- [ASSIGNED TASK]
Where an image appears in the data, omit it and reproduce the rest exactly.

- [DATA EXTRACT]
■ ■ ■ ■

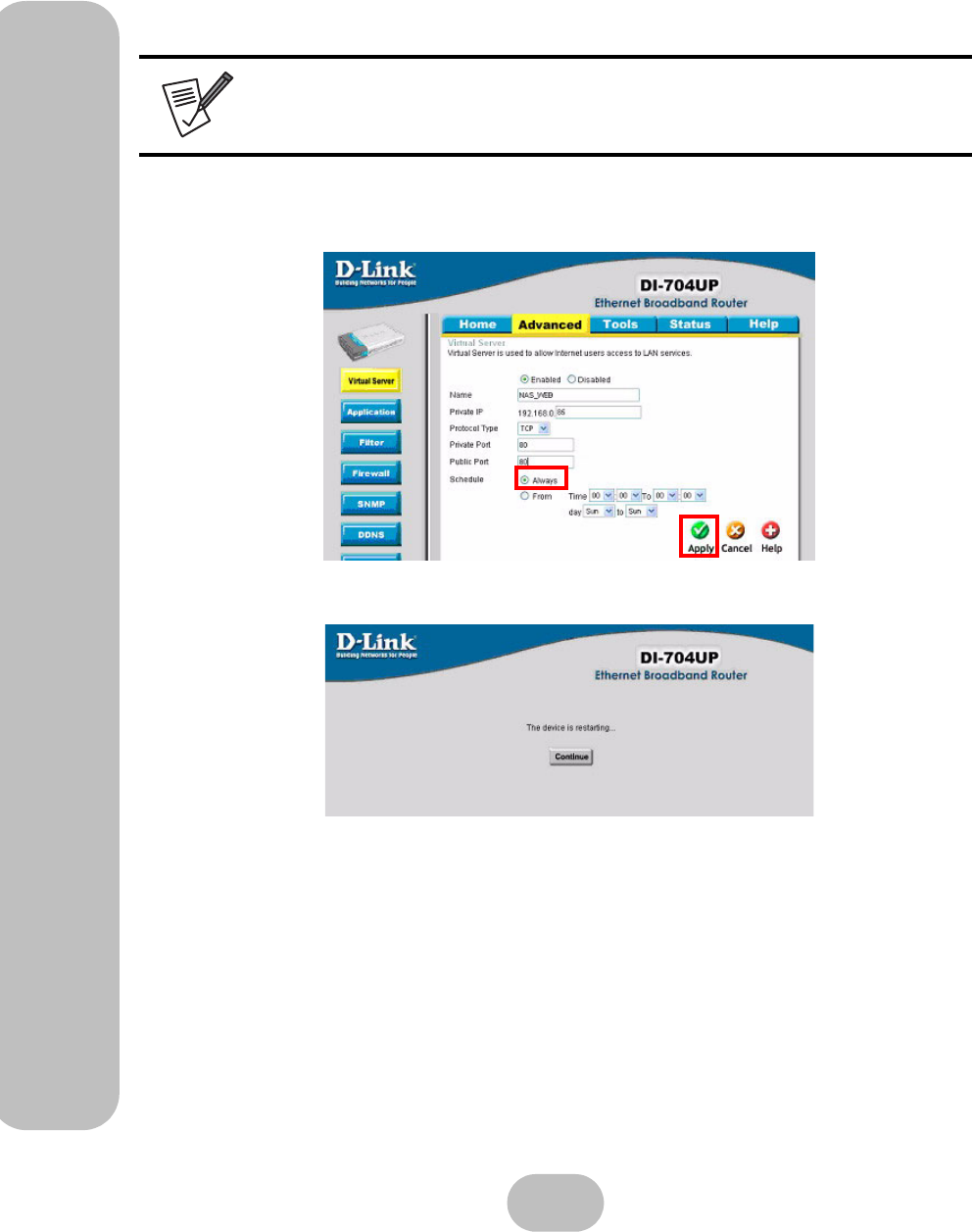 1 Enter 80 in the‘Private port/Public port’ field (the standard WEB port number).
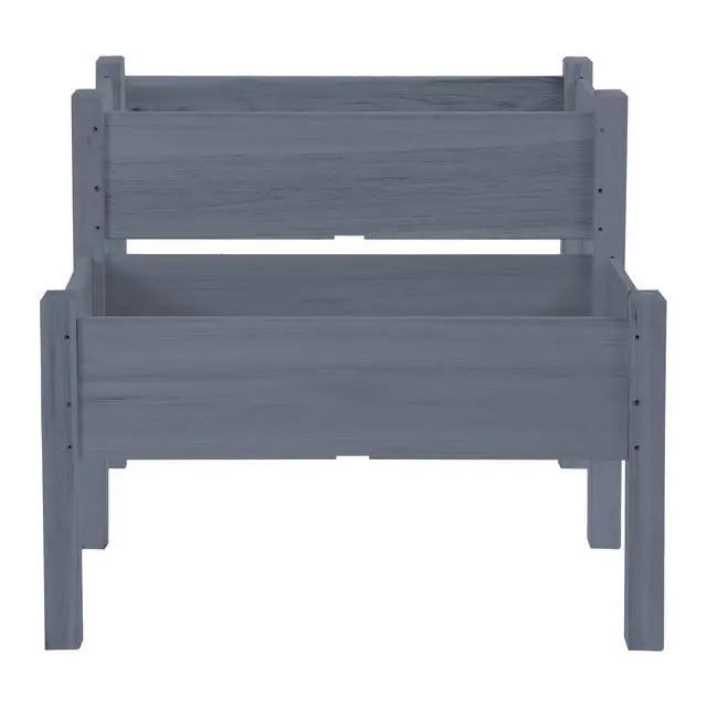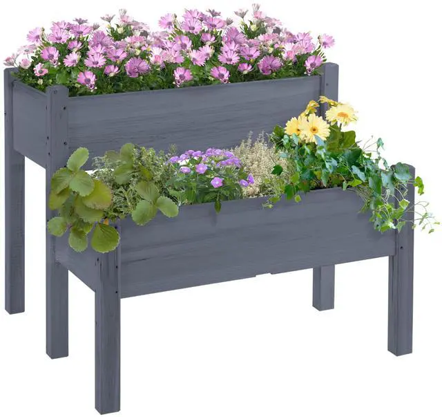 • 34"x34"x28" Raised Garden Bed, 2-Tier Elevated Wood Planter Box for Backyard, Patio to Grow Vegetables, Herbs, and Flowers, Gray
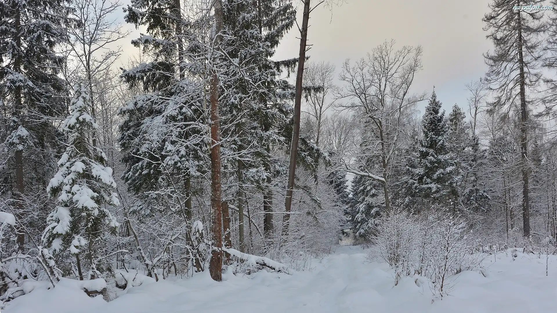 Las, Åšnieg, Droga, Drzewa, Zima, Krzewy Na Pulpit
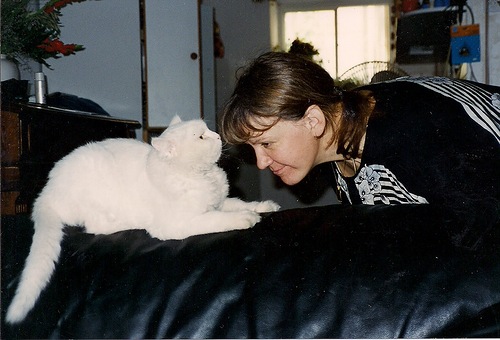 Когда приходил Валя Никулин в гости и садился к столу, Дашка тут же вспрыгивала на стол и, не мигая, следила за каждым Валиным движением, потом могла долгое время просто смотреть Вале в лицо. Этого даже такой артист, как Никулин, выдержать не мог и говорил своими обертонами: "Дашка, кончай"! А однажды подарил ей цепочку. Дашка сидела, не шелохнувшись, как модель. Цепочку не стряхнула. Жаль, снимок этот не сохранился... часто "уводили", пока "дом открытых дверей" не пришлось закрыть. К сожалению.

■ ■ ■ ■

- [WRITTEN REPLY]
 1 Enter 80 in the‘Private port/Public port’ field (the standard WEB port number).
 • 34"x34"x28" Raised Garden Bed, 2-Tier Elevated Wood Planter Box for Backyard, Patio to Grow Vegetables, Herbs, and Flowers, Gray
 Las, Åšnieg, Droga, Drzewa, Zima, Krzewy Na Pulpit
 Когда приходил Валя Никулин в гости и садился к столу, Дашка тут же вспрыгивала на стол и, не мигая, следила за каждым Валиным движением, потом могла долгое время просто смотреть Вале в лицо. Этого даже такой артист, как Никулин, выдержать не мог и говорил своими обертонами: "Дашка, кончай"! А однажды подарил ей цепочку. Дашка сидела, не шелохнувшись, как модель. Цепочку не стряхнула. Жаль, снимок этот не сохранился... часто "уводили", пока "дом открытых дверей" не пришлось закрыть. К сожалению.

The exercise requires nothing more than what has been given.